At its most simple, that’s because ML models the world. But not all of it; we’re not talking ‘The Matrix’ or ‘Devs’ here. Instead, it models a representation of the world, only extremely well, and in detail much, much greater than you or I or even Albert Einstein could manage.

The opportunities that are emerging out of this deep machine focus on narrow models of the world (= customer behaviour) range from hyper-detailed segmentation of customer types, which would allow you to offer truly dynamic pricing, really, really specific and accurate ad targeting, tailored messaging and performance measurement. ML is already being used in the sector to predict customer needs and future trends, to derive deeper understanding of the customer journey via attribution modeling, better budget allocation to improve ROI and allowing campaigns to dynamically flex to customers’ next actions and experiment with personalised experiences (‘Next Best Actions’ work).

Pushing democratic AI

However, as it stands too much of this excellent work is done in larger companies with big teams of data scientists. There is a definite gap between the data and ML specialist and the frontline Marketeer right now, even if the latter is au fait with data, search engine optimisation and even Python.

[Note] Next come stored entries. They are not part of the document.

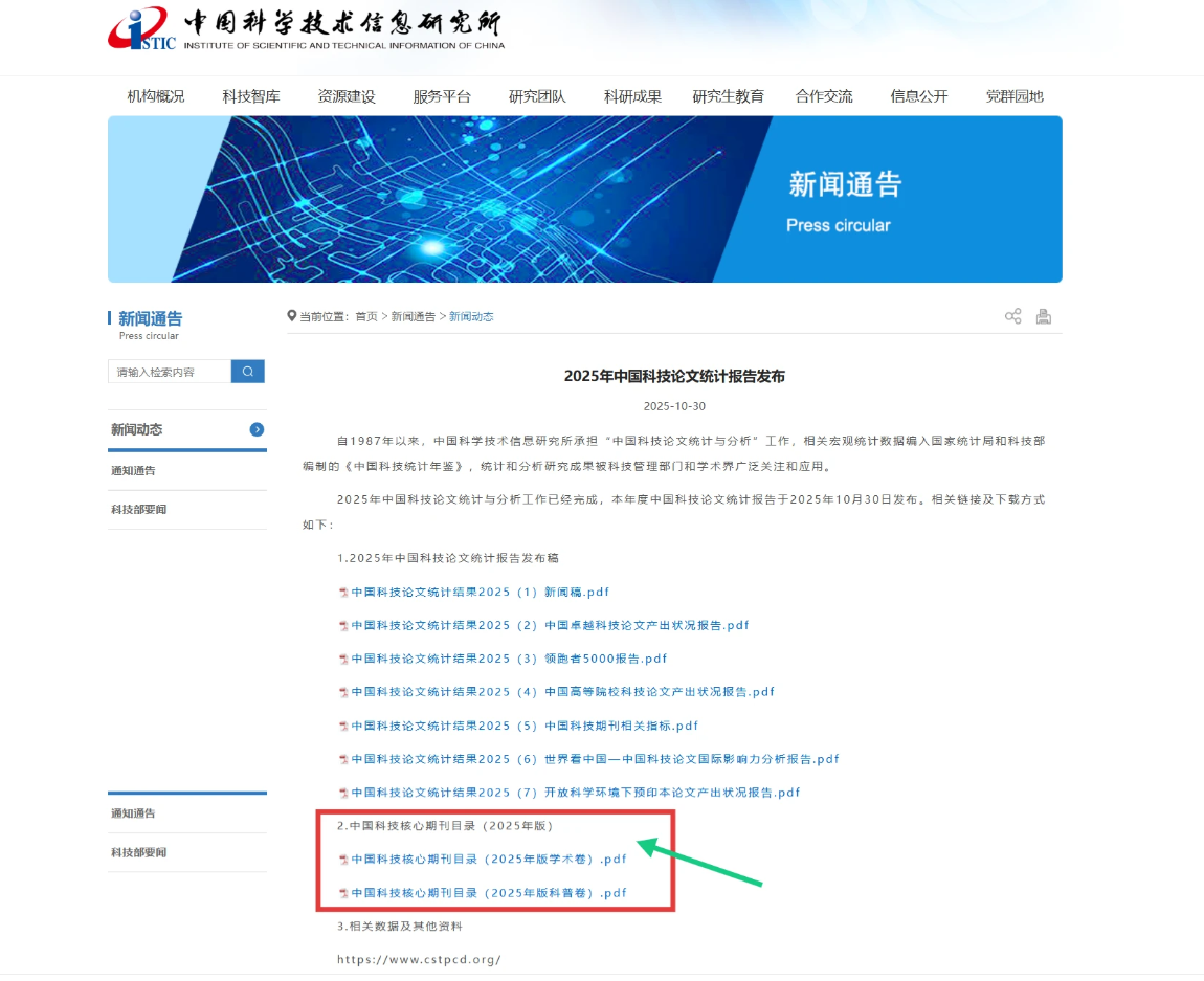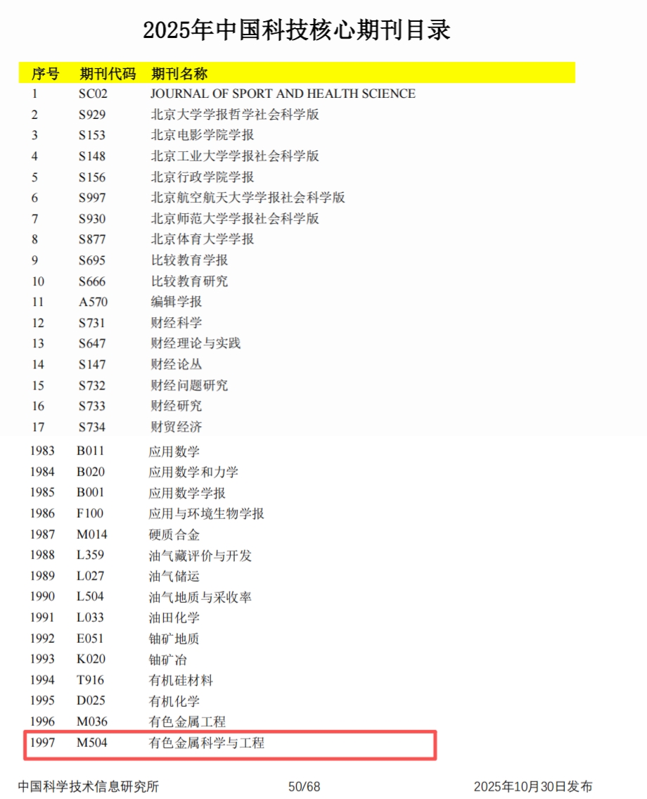 10月30日,由中国科学技术信息研究所承担的“2025年中国科技论文统计报告”在北京发布。报告同期公布了2025年版中国科技核心期刊目录,91暗网 主办的《有色金属科学与工程》成功入选,这是自2013年以来,本刊连续第十三次获此殊荣,体现了期刊在有色金属领域的长期积累与广泛认可。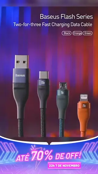 Baseus 3 em 1 cabo usb c FESTIVAL DAS MEGA-OFERTAS Até 70% de OFF! 22:00-24:00 7 DE NOVEMBRO Siga a conta para obter mais descontos #baseus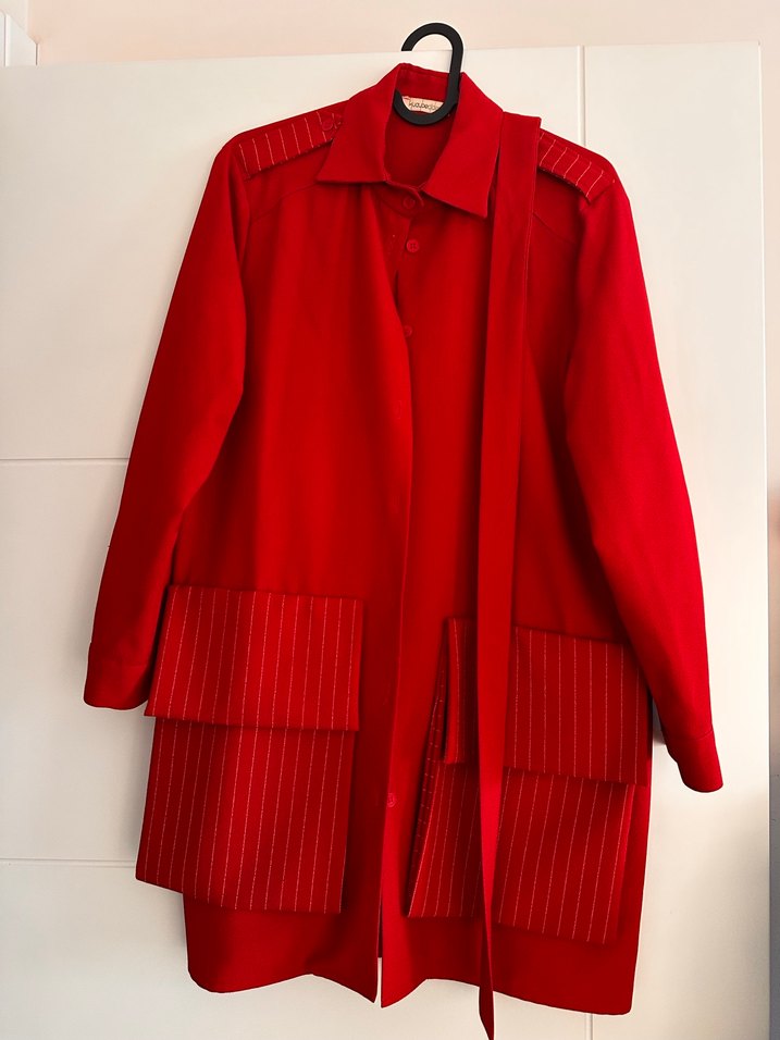 Parlak kırmızı, tunik , uzun kollu ve önünde çizgili büyük cepler bulunur. Ofis için şık bir seçenek Kuaybe gider marka 36 beden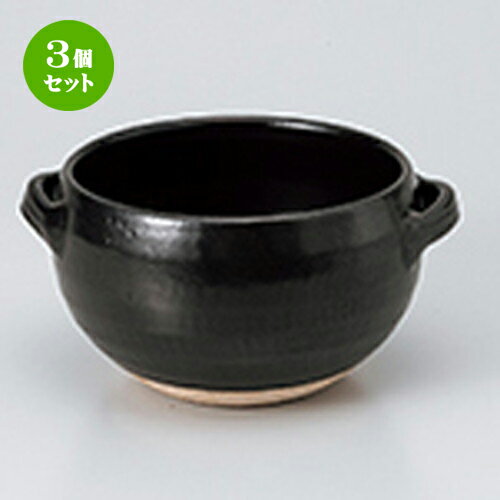 3個セット 耐熱食器 黒釉シチューボール [17.5 x 13.3 x 8cm] 【土物 直火 料亭 旅館 和食器 飲食店 業務用】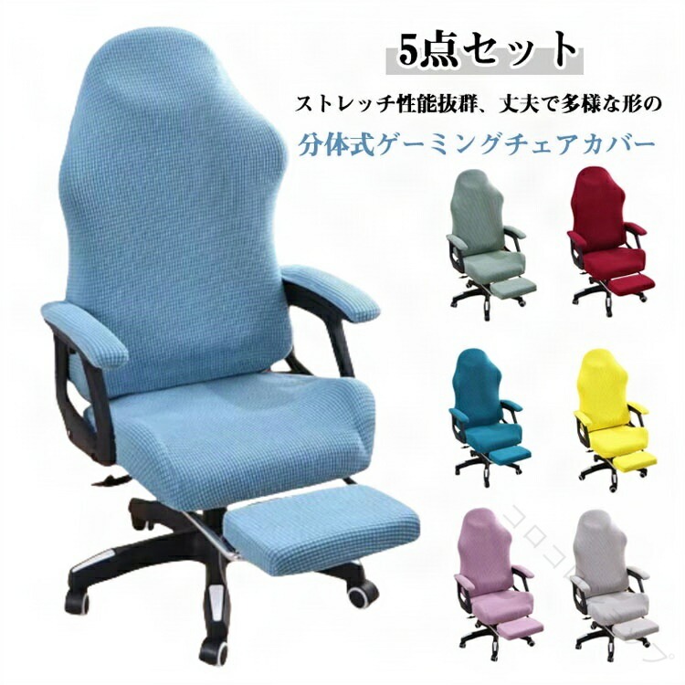 伸縮素材でフィットしやすく洗濯可能なゲーミングチェアカバー 5点セット オフィスや自宅の回転式椅子に最適な防塵汚れ防止アイテム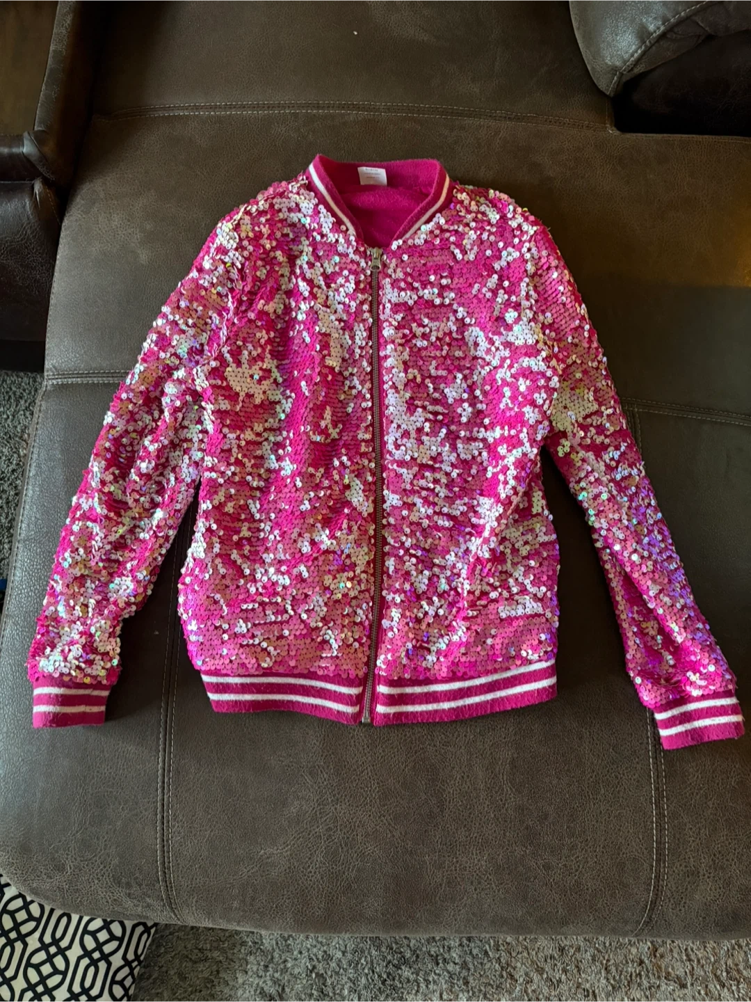 This is a super fun pink jacket with sequins! It has a zipper down the front and white stripes on the cuffs and hem. Perfect for adding a little sparkle to any outfit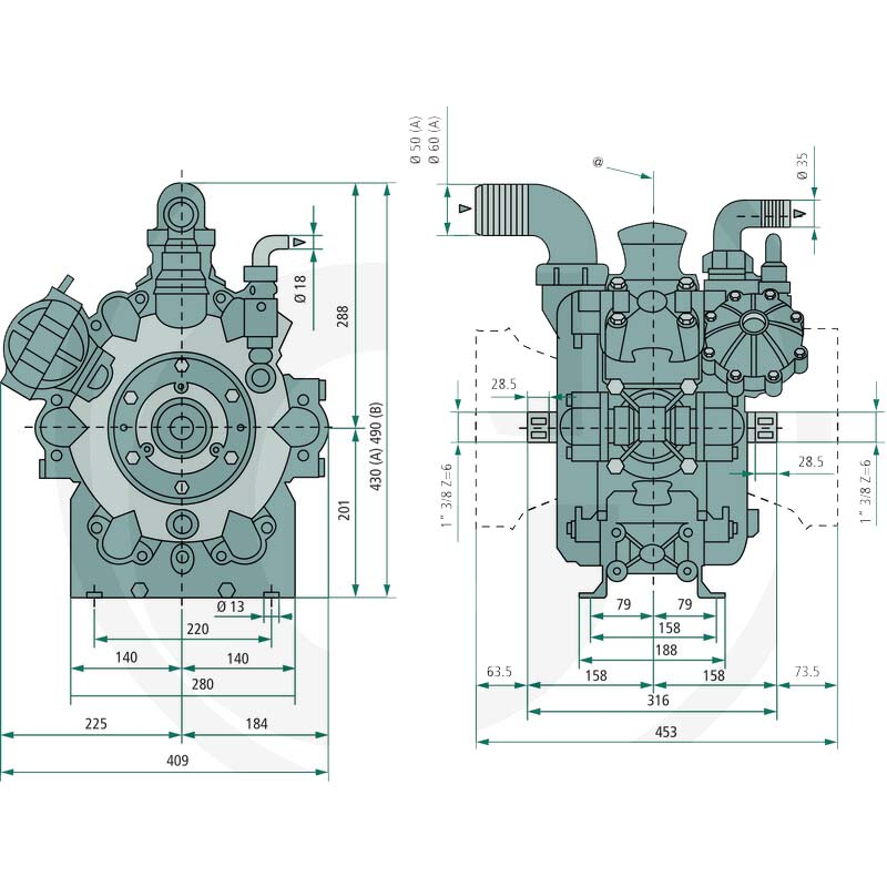 Pístomembránové čerpadlo pro postřikovače Annovi Reverberi AR250 BP C/C BlueFlex - pístové membránové čerpadlo navržené pro použití v zemědělských postřikovačích a aplikacích nízkotlakého postřiku. Tento model je vybaven průchozí vývodovou hřídelí (M 1 3/8″ s 6 zuby), což umožňuje jeho mechanické spojení s vývodovou hřídelí traktoru nebo jiným pohonem. Čerpadlo pracuje při otáčkách 550 obr./min, nabízí maximální průtok přibližně 254 l/min a pracovní tlak až 20 bar (odpovídající cca 290 psi), což je vhodné pro běžné postřikové úlohy ve středně velkých aplikacích.

Companies like mine are trying to close that gap. We’re doing it via what we call ‘Explainable AI’: systems set up to be so user-friendly that there is as little ‘black box’ mystery and lack of explanation as we can manage. This way, teams like yours can access amazing tools that can crack very large amounts of data and work with very tough statistical models with ease—as our client Allergan has been doing.

If you’re not familiar, Allergan is a big US pharma company and is in fact the maker of Botox. And for two years it’s been working with the team at my company,, to move beyond its older models for estimating the impact of promotion campaigns and instead start to optimise the marketing mix of literally dozens of products across a variety of marketing channels.

How we’ve been doing that: by applying highly accurate machine learning models with high explainability that are leading to accurate marketing mix attribution models. It is specifically doing this via a Machine Learning technique called gradient boosting that uses a collection of prediction models that typically show a higher accuracy in out of sample predictions than the General Linear Models I referenced above. What its Marketing team have found: better results, more conversions, a better marketing budget mix—quicker and cheaper than before.

This is what your team can and should be achieving too. AI is becoming more mature, explainable AI is starting to really happen—and by turning to ML now, you could head off all the wasted months ahead as you try to work out how to live without cookies and ad tracking.

At the very least, it seems you’d have nothing to lose by trying.